La première touche à la diversification de la société. Tout au long des siècles, la France a accueilli des
immigrés en grand nombre, qu’elle a régulièrement assimilés. Depuis quelques décennies, elle apparaît
plus diverse et nous cherchons à concilier unité et diversité ou pour reprendre une formule de Madame
Sotomayor, à résoudre la tension entre le « melting pot » et le « salad bowl ».
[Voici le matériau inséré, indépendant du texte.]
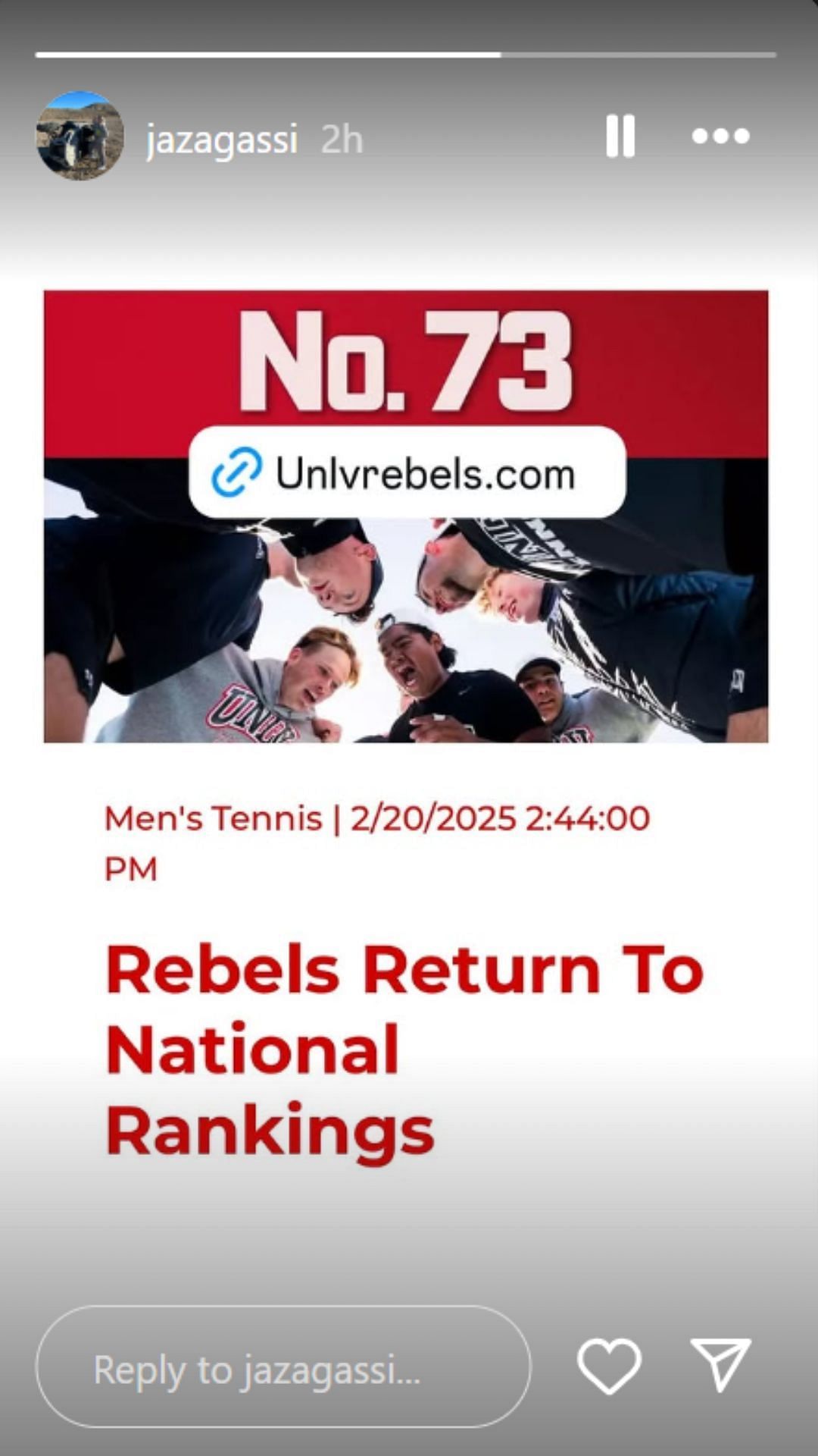 UNLV men's tennis has broken into the national rankings for the first time in 12 years, landing at No. 73 in the latest ITA Division I rankings. Under second-year head coach Andy Jackson, the Rebels have achieved a 5-3 record. The team was last ranked No. 69 in May 2013.

La deuxième raison tient aux développements tout récents en France du contrôle de la constitutionnalité
des lois. A l’époque où Tocqueville écrivait De la démocratie en Amérique, les États-Unis étaient le seul
pays au monde à le pratiquer. Depuis la Seconde guerre mondiale, il s’est répandu sous des formes
diverses et, aujourd’hui, la plupart des États européens ont créé des cours constitutionnelles. Chez
nous, entre en vigueur cette année une réforme radicale de la Constitution, qui permet pour la première
fois à chaque citoyen de soulever une question de constitutionnalité et qui accroît considérablement les
pouvoirs du Conseil constitutionnel. Nous avons donc beaucoup à apprendre de la manière subtile dont
Madame Sotomayor affronte le problème du rapport entre application et création du droit ou encore la
difficulté de concilier empathie et impartialité.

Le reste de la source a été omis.